SANTIAGO — Almost a third of healthcare workers around the country are on sick leave, traditional religious celebrations are being cancelled and everyone has a friend, relative, co-worker or neighbor on Tamiflu. And naturally, the pig jokes abound.
Yes, it’s the unrelenting spread of the H1N1 pandemic in Chile, fourth on the World Health Organization’s list of confirmed cases of the virus, with 7,376 infected, after the United States (33,902), Mexico (10,262) and Canada (7,983). New figures from Chile's own health ministry show that 40 have died and 10,926 have been infected in this country.
Why does this country of only 16 million inhabitants have such a disproportionally high number of people infected with the virus?
“The question is: are we diagnosing correctly in Chile, or are other countries not doing it adequately?” asked Jaime Honores, director of a public health clinic in Quilicura, a low-income district in northern Santiago.
It is probably the latter, said Enrique Paris, director of the Center for Toxicological Information and member of a government-appointed experts committee on the H1N1 virus.
“Compared to many other countries, the public and private health systems and university clinics in Chile have very advanced laboratories, so confirming the diagnosis is relatively easy.
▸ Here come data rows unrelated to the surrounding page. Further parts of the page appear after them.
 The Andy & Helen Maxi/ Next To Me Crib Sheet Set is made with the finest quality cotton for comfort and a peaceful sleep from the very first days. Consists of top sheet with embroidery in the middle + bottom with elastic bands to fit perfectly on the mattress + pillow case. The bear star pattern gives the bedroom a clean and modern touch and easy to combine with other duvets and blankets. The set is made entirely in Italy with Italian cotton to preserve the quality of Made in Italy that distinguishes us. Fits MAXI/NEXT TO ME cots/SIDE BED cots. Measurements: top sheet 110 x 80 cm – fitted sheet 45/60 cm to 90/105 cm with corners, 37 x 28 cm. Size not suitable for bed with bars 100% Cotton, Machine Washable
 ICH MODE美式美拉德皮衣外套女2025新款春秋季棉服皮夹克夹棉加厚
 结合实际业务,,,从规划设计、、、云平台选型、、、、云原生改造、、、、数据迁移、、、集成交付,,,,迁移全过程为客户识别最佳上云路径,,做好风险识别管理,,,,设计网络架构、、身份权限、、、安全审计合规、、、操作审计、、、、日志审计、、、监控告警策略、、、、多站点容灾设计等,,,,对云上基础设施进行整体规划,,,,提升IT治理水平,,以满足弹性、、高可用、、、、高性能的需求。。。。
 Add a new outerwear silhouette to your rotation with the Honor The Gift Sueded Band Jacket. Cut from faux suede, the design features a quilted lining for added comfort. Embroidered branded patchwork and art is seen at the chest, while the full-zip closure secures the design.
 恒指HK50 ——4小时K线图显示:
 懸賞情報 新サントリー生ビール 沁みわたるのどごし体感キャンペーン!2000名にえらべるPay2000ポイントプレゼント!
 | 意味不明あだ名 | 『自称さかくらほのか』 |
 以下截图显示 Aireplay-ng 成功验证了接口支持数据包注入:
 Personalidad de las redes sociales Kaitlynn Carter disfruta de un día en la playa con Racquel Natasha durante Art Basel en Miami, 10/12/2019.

Other countries have to send their samples to Atlanta and wait for the results even for weeks, or don’t have the money to pay for them,” he said.
In Argentina, for instance, if there were more than 90 deaths caused by the virus, it is impossible for the number of people infected to be only 2,500 as has been reported, Paris said. “If the general mortality rate for this virus is 0.2 percent, the real number of people with the virus in Argentina should be over 45,000. They are just not confirming it with lab exams.”
Another reason for the massive contagion in Chile is simple: It’s winter, and in the capital, where about a third of the population is concentrated, the cold and dampness is aggravated by heavy air pollution. Respiratory illnesses including the seasonal influenza and the syncitial virus, which strikes young children, are always a serious strain on the health system during the winter months.
However, with this new virus, the situation has turned into a “sanitary emergency,” in the words of President Michelle Bachelet, especially when considering that the official figure includes only cases confirmed by laboratories. By now, the virus has become so widespread, that unless a patient specifically requests the expensive lab exam, doctors are diagnosing based only on symptoms.
Although the Health Ministry has ordered public and private health centers to record every dose of antiviral medicine they prescribe, and pharmacies must tally what they sell, there are still no official figures for the number of H1N1 patients based on the prescription of antivirals. Unofficially, it is estimated to be in the tens of thousands.
In Honores’ clinic, about 500 of the 1,200 patients they see a month are on antiviral medication. Like most of the public health sector, the clinic is dedicating most of its personnel, resources and attention to addressing this new virus, he said.
For the past few weeks, dozens of primary health centers have had to stay open on weekends because of the massive demand from patients with respiratory illnesses. In hospitals throughout the country, intensive care units, mechanic ventilators and beds are practically all being used by patients with influenza.
At least 5,000 previously programmed surgeries have been postponed in order to free up beds for incoming patients with influenza. Another 15,000 operations are expected to be suspended in the coming weeks.
At the same time, health workers are also getting sick: 30 percent of all staff in the public health system is on sick leave.
This scenario prompted the government to announce a new decree last week that allows, among other things, public health centers to hire medical students to help attend patients, and health authorities to suspend meetings, shows or other events to avoid further spread of the virus.
Even before the decree was issued, health officials had already cancelled the popular religious celebration Fiesta de La Tirana, which is held every year in mid-July in the tiny desert town of La Tirana, more than a thousand miles north of the capital, and attracts some 200,000 tourists and Catholics from all over the country. Shortly after, they cancelled the Fiesta de San Lorenzo, another annual religious event in the north of the country that gathers more than 70,000 Catholics during the second week of August.
Some private schools increased their winter breaks one or two weeks when their classrooms became practically empty.
“Chile is a showcase of how the virus really behaves. We’ve had experts from Germany, England, Egypt and the United States visit us who want to study how the virus behaves during the winter, because that will signal what will happen when it is winter in the Northern Hemisphere,” Paris said.
Health Minister Alvaro Erazo announced that Chile would buy an additional 600,000 doses of anti-viral medication from the Pan American Health Organization and laboratories. The government has also initiated conversations with international labs to reserve a stock of 6.2 million vaccines against the H1N1 virus for next year.
In spite of the alarming numbers, in terms of mortality, this virus is much less lethal than other respiratory illnesses in Chile: 2,593 people died from pneumonia last year.